The fellows that I know who use brakes on light calibers do not do it for recoil reduction, but so they can see their hits. In the field, their rests tend to produce exaggerated muzzle rise. With brakes, they can see what happens after the trigger is pulled. After he had put one on a rifle that had previously been fully tuned, my friend found that the same load was way out of tune, which he was able to fix, retuning. His accuracy standards are quite high.
 
As some others have mentioned above I don't shoot matches or compete with nobody but myself but I really enjoy shooting an accurate rifle and tiny groups on paper. I never was a fan of a tuner or a brake until I started reading about Erik Cortina's tuner/brake and watched his videos. I have tried them on two of my Bench rifles and I am impressed with the product and the concept of the combo. I shot the tightest group ever yesterday (.020 over caliber) with my 243AI which is now wearing the tuner/brake and my 260AI has shown great results as well.

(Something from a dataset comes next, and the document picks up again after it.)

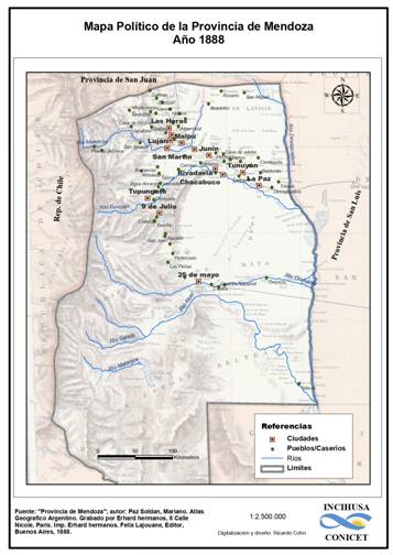 Finalmente, la última etapa marcada para el asociacionismo local, se inició a principios de la década de 1880 y se extendió hasta finales de la centuria. Durante ese período se asistió a una progresiva transformación del fenómeno asociativo local reflejada en la puesta en marcha de asociaciones impulsadas por los inmigrantes europeos y la diversificación de objetivos de las nuevas asociaciones locales. Esta fase, a diferencia de la anterior, coincidió con un período de transformación socio-económico provincial motivado por el desarrollo de la industria vitivinícola local –alentada y protegida desde el Estado Provincial– y el precipitado aumento poblacional. Dicho aumento demográfico no obedeció exclusivamente al crecimiento natural de la población provincial sino a los aportes migratorios recibido ya no sólo de Chile sino también de Europa, dando como resultado la instalación de comunidades extranjeras –sobre todo italiana, española y francesa– en el territorio[49].

Most likely all my rifles will wear one in the future since I am now hooked on the idea of tuning the barrel to a load rather than tuning the load to a barrel. It is definitely a short cut to accuracy in my mind. Congrats to Erik for a fine product.
It's pretty amazing what a well tuned, good rifle can do. The trick to tuners is learning how to reproduce those results. Here are three 5 shot groups fired on the same target. I wish they were during a registered match, but that's how it works.